Longing to grow older is a bit like wishing for death, praying for your life to advance more quickly.

When I was a small child I wanted to grow up. I felt trapped. My legs were too short and I couldn’t reach the latch to unlock our front door.

In elementary school, I wanted to be older. I was afraid. The other kids were mean to me and I wanted to get away from them.

Junior high was difficult and I felt misunderstood. Teachers spoke down to me and school was hard. I wanted it to be over wishing adulthood would hurry up.

At fifteen I was feeling suffocated. All I wanted was to be sixteen so I could get my drivers license and be free.

When I turned sixteen I got my license. For a while I was content. Eventually, I started to want more freedom and the familiar longing started up again.

After turning eighteen I wanted to be twenty-one. My ego was huge and I wanted to be a “real adult”.

At twenty-one nobody took me seriously. I was too young to know anything and still wanted to be older.

By the time I turned twenty-five things were getting better .I was beginning to realize how much of my life had been wasted wishing I was somewhere else. Finally, I wanted to learn how to appreciate the present moment.

Now that I’m two months shy of thirty my life is better than it’s ever been. I don’t long to be older have a greater appreciation for where I am now.

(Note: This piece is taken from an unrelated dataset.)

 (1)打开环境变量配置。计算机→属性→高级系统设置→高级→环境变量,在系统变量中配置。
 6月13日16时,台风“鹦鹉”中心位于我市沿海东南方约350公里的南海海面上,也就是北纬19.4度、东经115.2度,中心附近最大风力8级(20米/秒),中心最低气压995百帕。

Life is more enjoyable when you aren’t preoccupied with being somewhere else (or in my case somewhen). Living in the future causes anxiety and stops you from seeing the joys right in front of you.

I know this now but it took thirty years to figure this out.

 

Impermanence – Eternally Existing and Dissolving

Everything comes into being and then dissolves.

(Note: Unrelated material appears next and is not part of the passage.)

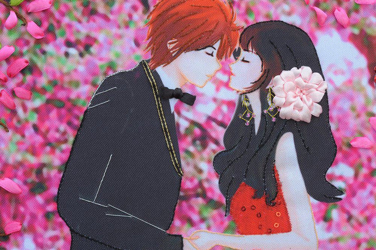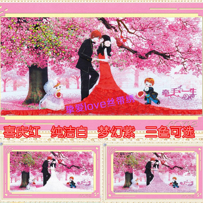 彩印新款丝带绣客厅卧室婚庆喜庆礼物挂画浪漫立体绣新款非十字绣

Whenever you encounter suffering in your life you don’t have to worry because nothing lasts forever. This suffering is not permanent. Facing your fears becomes easier because you begin to realize that fear too is temporary.

Every pain and discomfort become much less of an obstacle because you realize your time of suffering is limited.

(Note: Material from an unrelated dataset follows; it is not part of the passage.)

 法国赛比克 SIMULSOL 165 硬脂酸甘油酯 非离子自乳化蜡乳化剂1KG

You learn to be grateful for the little things because you look at them as if they are already over. Like a shiny new teacup that is already broken. Each joy in life, no matter how small, is a blessing.

When we waste our time longing for tomorrow we miss the beauty that could have been found in today.

Life’s fleeting moments, the little pleasures, a sunrise, a friendly dog begging for a belly rub, colorful fall leaves, and the smell of fresh spring flowers, become more valuable.

Anicca or impermanence is understood in Buddhism as the first of three marks of existence, the other two being dukkha (suffering, pain, unsatisfactoriness) and anatta (non-self, non-soul, no essence).[4][3][6] – found on Wikipedia

Buddhism acknowledges that life is full of suffering it confronts it as just another part of life.

The Four Noble Truths, one of Buddhism’s many lists, talks about suffering, and it causes (craving, thirst, & desire). Our constant seeking for something outside ourselves can never bring us joy. Suffering is inevitable but the pain is optional.

Luckily there is another list, The Eightfold Path, filled with detailed instructions on how to be free from life’s miseries. Like an eight-step program for getting your life on track.

The Eightfold Path is the fourth Truth of the Four Noble Truths. Very basically, the truths explain the nature of our dissatisfaction with life. The Buddha taught that we must thoroughly understand the causes of our unhappiness in order to resolve it.

– More about The Eightfold Path on About Religion

By following The Eightfold Path we learn how to end our suffering, by stopping the eternal cycle of clinging and craving.

When I first started studying Buddhism I tackled The Eightfold Path like a checklist, marking off each step one by one. I’m not perfect and there are still days when I make mistakes but now I have memorized this list (I found a neat cheat sheet here on BuddhaWeb.org).

These teachings have changed my life and in many ways, I am still changing. My person is transient like a river constantly washed clean by new wisdom and experiences – breathing in impermanence.